WHAT YOU SHOULD DO
Every entry that follows is to be set down exactly, with its pictures omitted.

TASK DATA

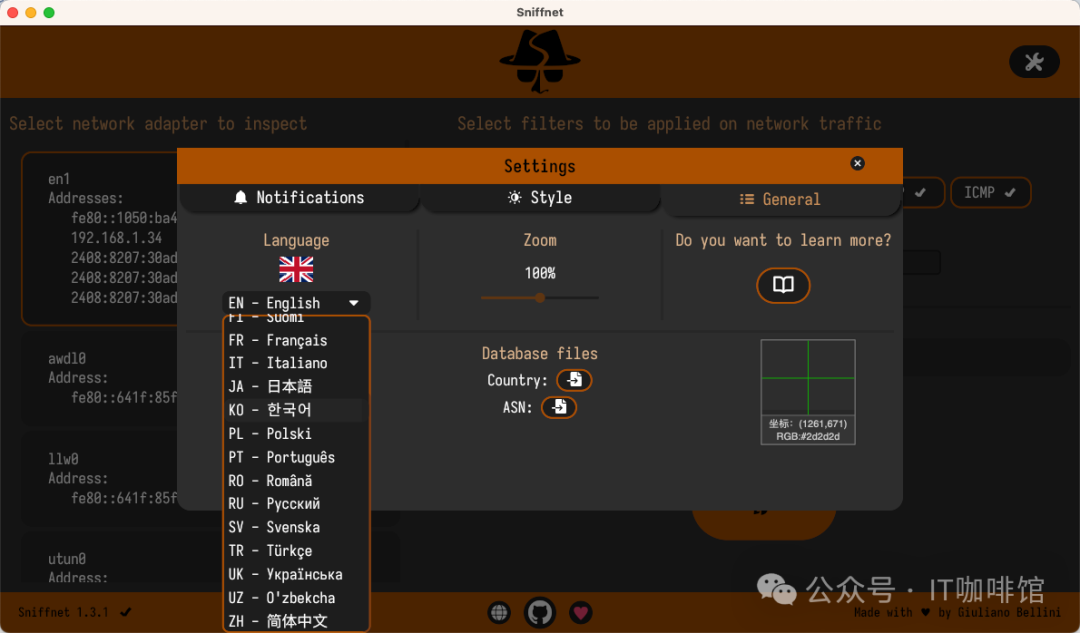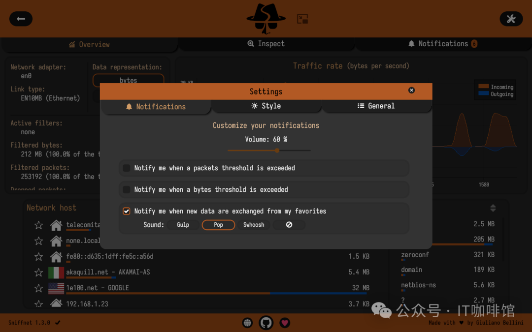 在设置里的通知(notification)选项卡里,我们可以对Sniffnet的通知事件进行配置,可以让Sniffnet针对特定的网络时间进行告警和通知。
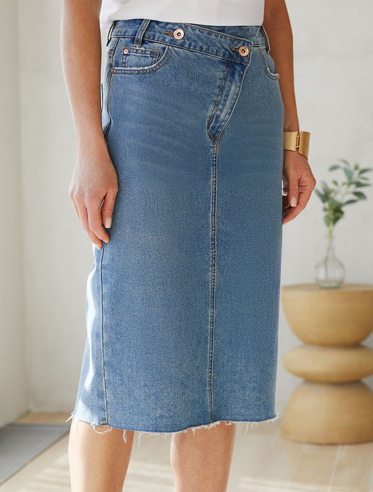 Совместные покупки Нижний Тагил Женская одежда Футболки — Юбка с ассиметричной застежкой из эластичного денима
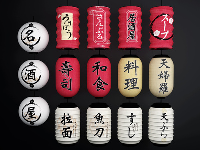 日式灯笼吊灯,球形的柱形的日式灯笼
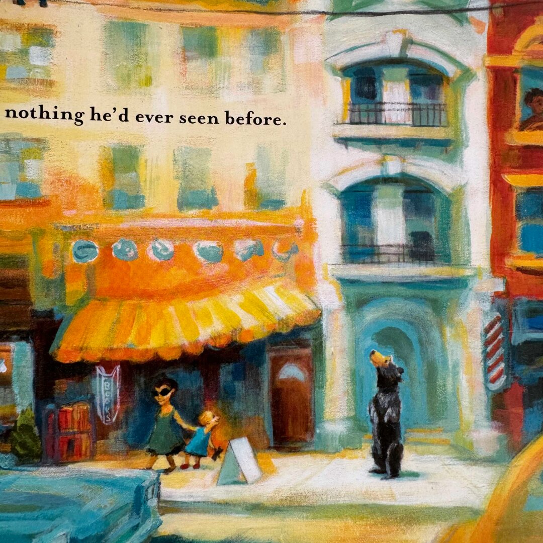 The bear’s journey from forest to city and back home again is full of happy accidents, funny encounters, and sensory delights. The story is so engrossing, it’s not until the very end that we begin to suspect this is a TALL tale.
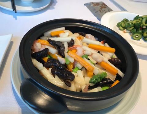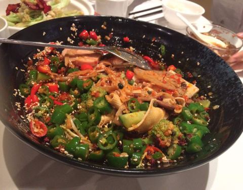 纸包牛肉挺好吃的,看着好多辣椒但是不怎么辣,牛肉量也挺足的,下饭比较合适。冬笋做成凉菜挺好吃的,鸡丝凉面和油泼面各有特色,非常的好吃。服务也好,装修也不错,适合宴请。
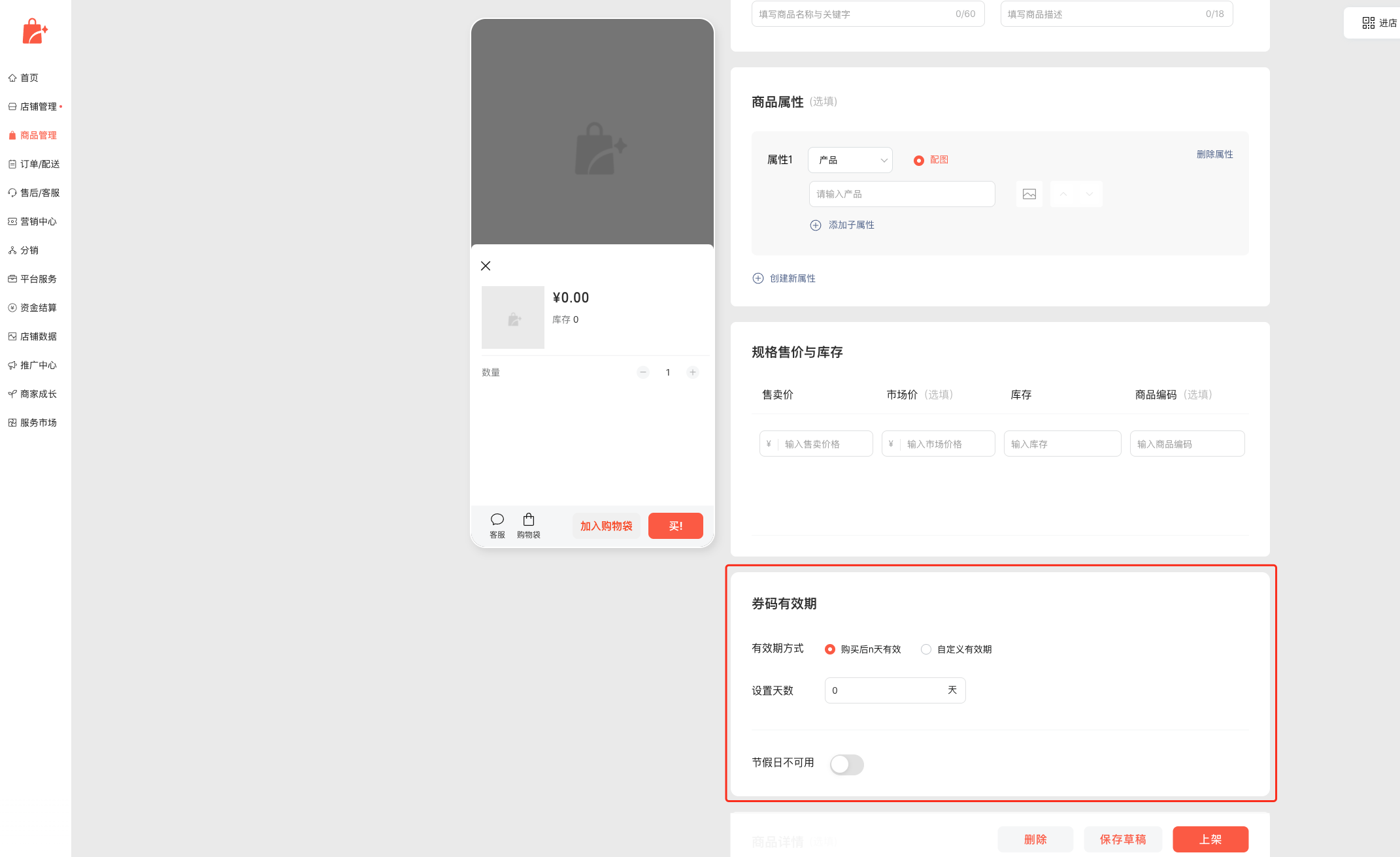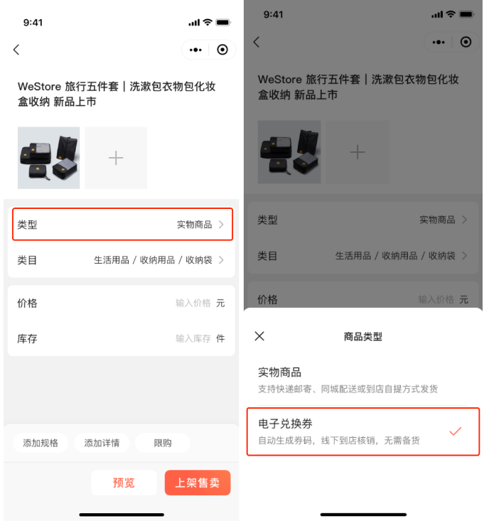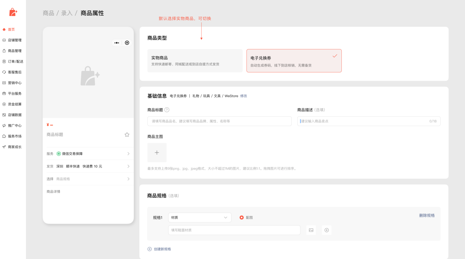 2、在新增商品页选择“类型”,可以切换商品类型至电子兑换券
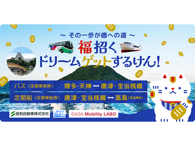 トヨタファイナンシャルサービス株式会社(名古屋市、代表取締役社長:頃末広義)が運営するおでかけアプリ「my route」は、昭和自動車からつ号の往復乗車券と佐賀玄海漁業協同組合高島航路の往復乗船券がセットになった「福招くドリームゲットするけん!」を販売いたします。
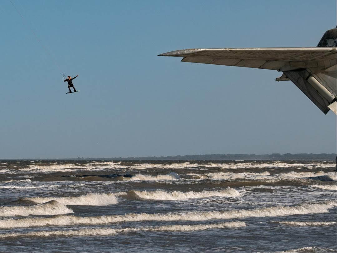 Конечно, я очень хотел перепрыгнуть через экраноплан. Ветер был достаточно сильный для этого, около 15-17 м/с. Весь день я катался на 9-метровом кайте и лишь под вечер взял 11-метровый купол. Однако маленький раздражающий чоп, огромный размах крыльев поперек разгона и сильные завихрения потоков ветра на приближении к точке прыжка, не позволили мне этого сделать.
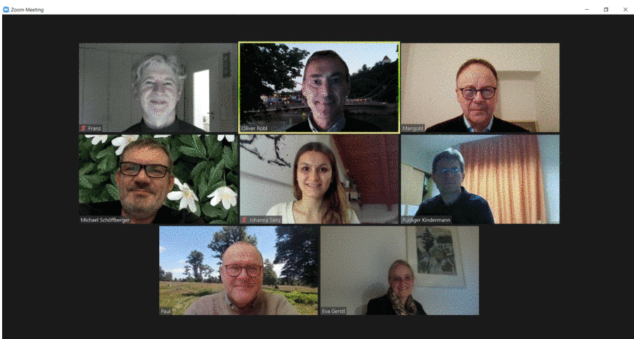 Beim Online-Fachgespräch zur Krise der Krankenpflege (von links oben nach rechts unten): Die ÖDP-Stadträte Franz Prügl, Oliver Robl, Urban Mangold und Michael Schöffberger, die stellvertretende ÖDP-Kreisvorsitzende Johanna Seitz, Verdi-Ortsvorsitzender Rüdiger Kindermann, Stadtrat Paul Kastner und Stadträtin Dr. Eva Gerstl. Screenshot: Robl.
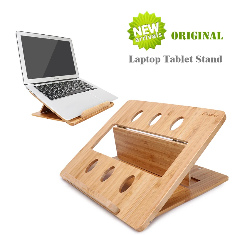 BEST SELLER iCozzier Original Bamboo Foldable Laptop Stand Holder Adjustable Notebook Computer Tablet Home Desk
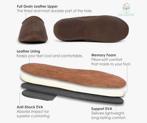 • MATERIAL TYPE: Full Grain Leather & Memory Foam - Experience the pinnacle of comfort and style with our premium slippers, exquisitely crafted from the finest Full Grain Leather. Designed with your comfort in mind, these slippers feature soft Memory Foam insoles that adapt to the unique contours of your feet, offering unparalleled cushioning and support with every step you take. These slippers are perfect for various home activities, from cooking in the kitchen to lounging in the living room.
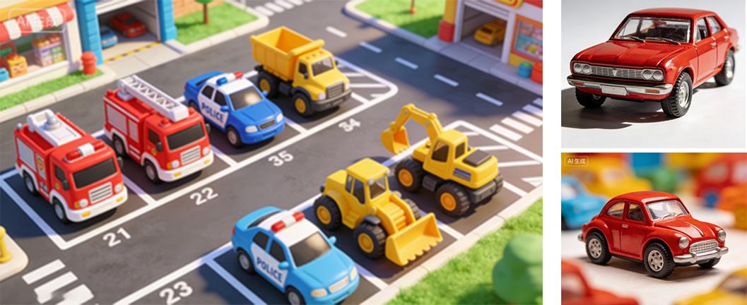 下面这个例子进一步体现了Nano Banana 2精准指令遵循特征。当我上传了三张图片,让Nano Banana 2将下面左图停车场中的小车替换为右图两个小车时,其在保持原图一致性的基础上将其中几辆小车替换,替换后的车辆与其他车辆的比例保持一致,车下的太阳光阴影也符合物理规律。
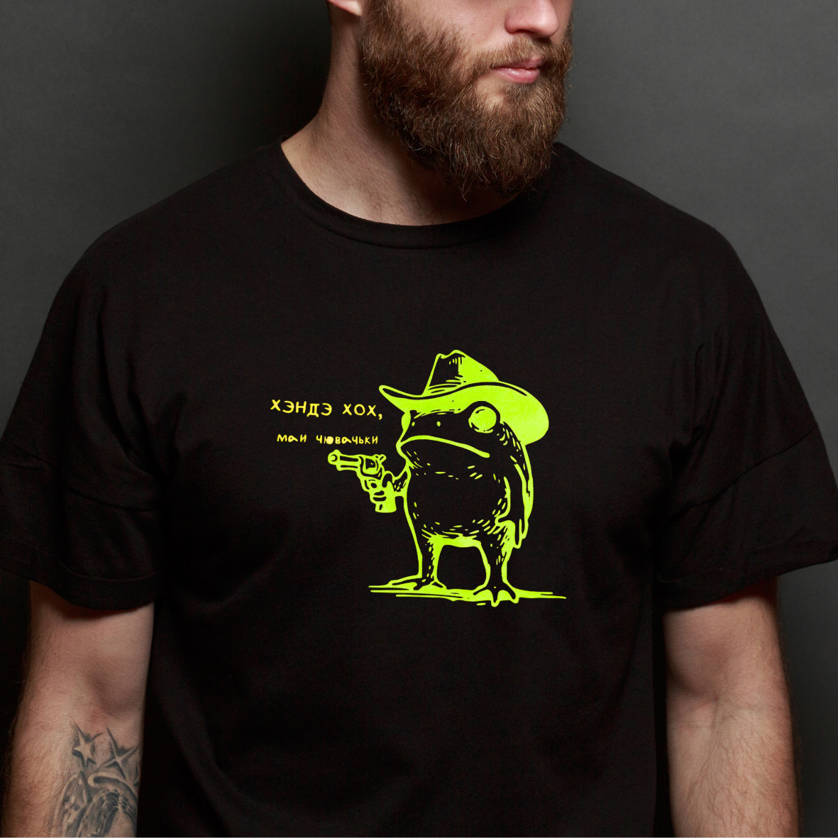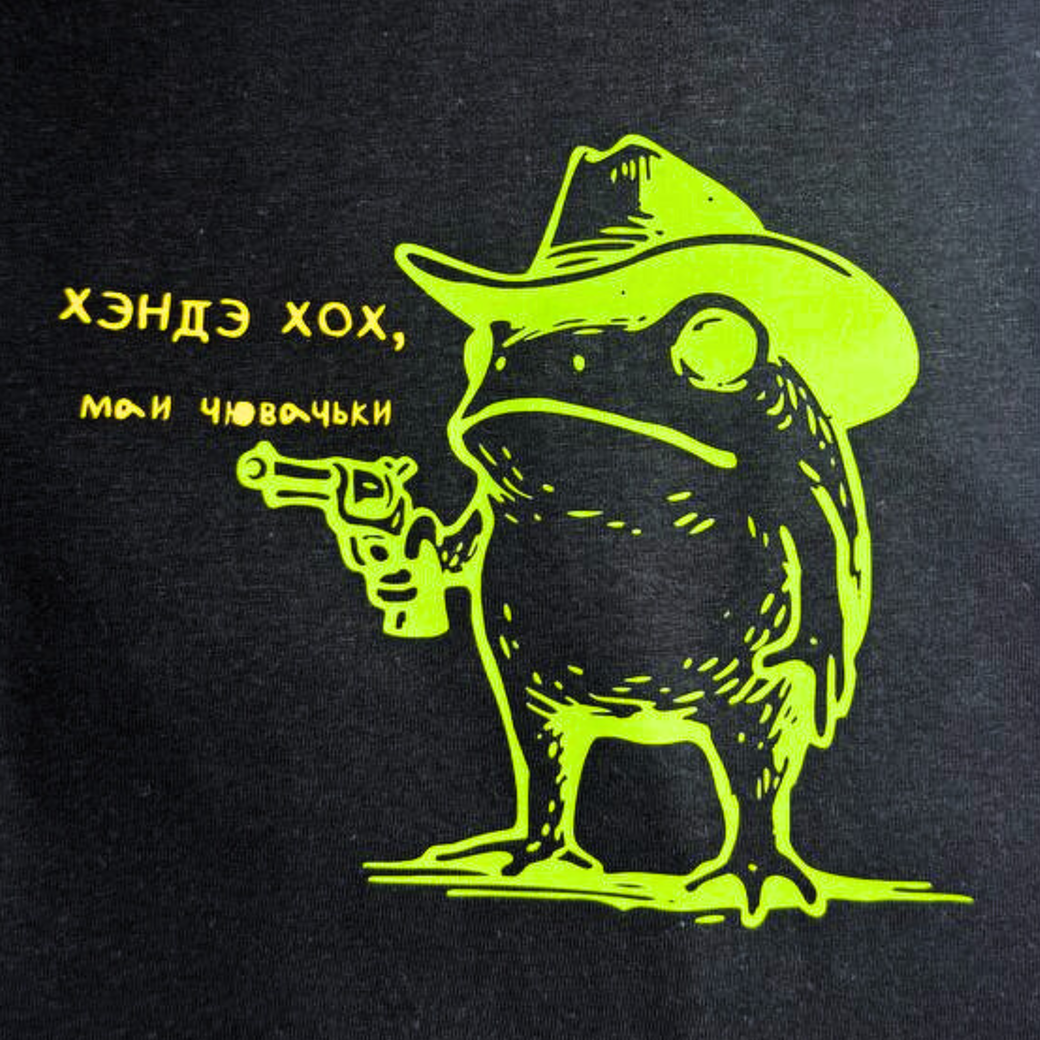 Футболка чорнага колеру з вясёлым прынтам — жаба ў капелюшы і з пісталетам. Неонавы дызайн робіць яе асабліва стыльнай і прыцягальнай. Ідэальна для моладзі і аматараў гумару.
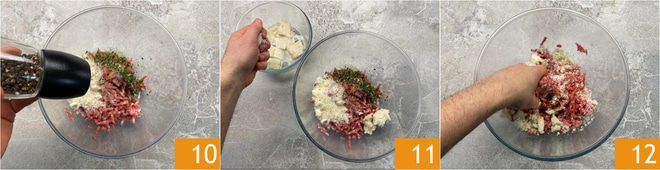 Ajustez le sel et le poivre 10. Enfin, incorporez la mie bien essorée 11. Pétrissez 12 jusqu'à obtenir un mélange homogène.
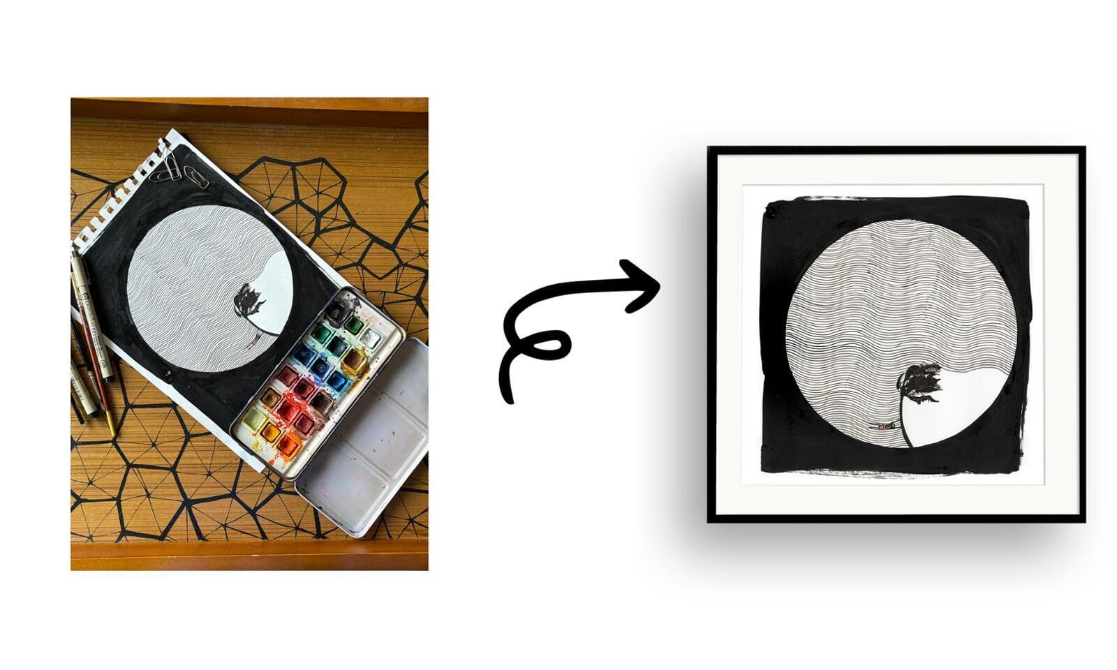This collection of minimalist pen art and watercolour paintings explores the profound relationship between humanity and nature through stark contrast and symbolic elements. Using precise linework and fluid watercolour textures, each piece draws viewers into a contemplative space—where small gestures, moments, and symbols reflect deeper truths.

ANSWER BELOW
 在设置里的通知(notification)选项卡里,我们可以对Sniffnet的通知事件进行配置,可以让Sniffnet针对特定的网络时间进行告警和通知。
 Совместные покупки Нижний Тагил Женская одежда Футболки — Юбка с ассиметричной застежкой из эластичного денима
 日式灯笼吊灯,球形的柱形的日式灯笼
 The bear’s journey from forest to city and back home again is full of happy accidents, funny encounters, and sensory delights. The story is so engrossing, it’s not until the very end that we begin to suspect this is a TALL tale.
 纸包牛肉挺好吃的,看着好多辣椒但是不怎么辣,牛肉量也挺足的,下饭比较合适。冬笋做成凉菜挺好吃的,鸡丝凉面和油泼面各有特色,非常的好吃。服务也好,装修也不错,适合宴请。
 2、在新增商品页选择“类型”,可以切换商品类型至电子兑换券
 トヨタファイナンシャルサービス株式会社(名古屋市、代表取締役社長:頃末広義)が運営するおでかけアプリ「my route」は、昭和自動車からつ号の往復乗車券と佐賀玄海漁業協同組合高島航路の往復乗船券がセットになった「福招くドリームゲットするけん!」を販売いたします。
 Конечно, я очень хотел перепрыгнуть через экраноплан. Ветер был достаточно сильный для этого, около 15-17 м/с. Весь день я катался на 9-метровом кайте и лишь под вечер взял 11-метровый купол. Однако маленький раздражающий чоп, огромный размах крыльев поперек разгона и сильные завихрения потоков ветра на приближении к точке прыжка, не позволили мне этого сделать.
 Beim Online-Fachgespräch zur Krise der Krankenpflege (von links oben nach rechts unten): Die ÖDP-Stadträte Franz Prügl, Oliver Robl, Urban Mangold und Michael Schöffberger, die stellvertretende ÖDP-Kreisvorsitzende Johanna Seitz, Verdi-Ortsvorsitzender Rüdiger Kindermann, Stadtrat Paul Kastner und Stadträtin Dr. Eva Gerstl. Screenshot: Robl.
 BEST SELLER iCozzier Original Bamboo Foldable Laptop Stand Holder Adjustable Notebook Computer Tablet Home Desk
 • MATERIAL TYPE: Full Grain Leather & Memory Foam - Experience the pinnacle of comfort and style with our premium slippers, exquisitely crafted from the finest Full Grain Leather. Designed with your comfort in mind, these slippers feature soft Memory Foam insoles that adapt to the unique contours of your feet, offering unparalleled cushioning and support with every step you take. These slippers are perfect for various home activities, from cooking in the kitchen to lounging in the living room.
 下面这个例子进一步体现了Nano Banana 2精准指令遵循特征。当我上传了三张图片,让Nano Banana 2将下面左图停车场中的小车替换为右图两个小车时,其在保持原图一致性的基础上将其中几辆小车替换,替换后的车辆与其他车辆的比例保持一致,车下的太阳光阴影也符合物理规律。
 Футболка чорнага колеру з вясёлым прынтам — жаба ў капелюшы і з пісталетам. Неонавы дызайн робіць яе асабліва стыльнай і прыцягальнай. Ідэальна для моладзі і аматараў гумару.
 Ajustez le sel et le poivre 10. Enfin, incorporez la mie bien essorée 11. Pétrissez 12 jusqu'à obtenir un mélange homogène.
This collection of minimalist pen art and watercolour paintings explores the profound relationship between humanity and nature through stark contrast and symbolic elements. Using precise linework and fluid watercolour textures, each piece draws viewers into a contemplative space—where small gestures, moments, and symbols reflect deeper truths.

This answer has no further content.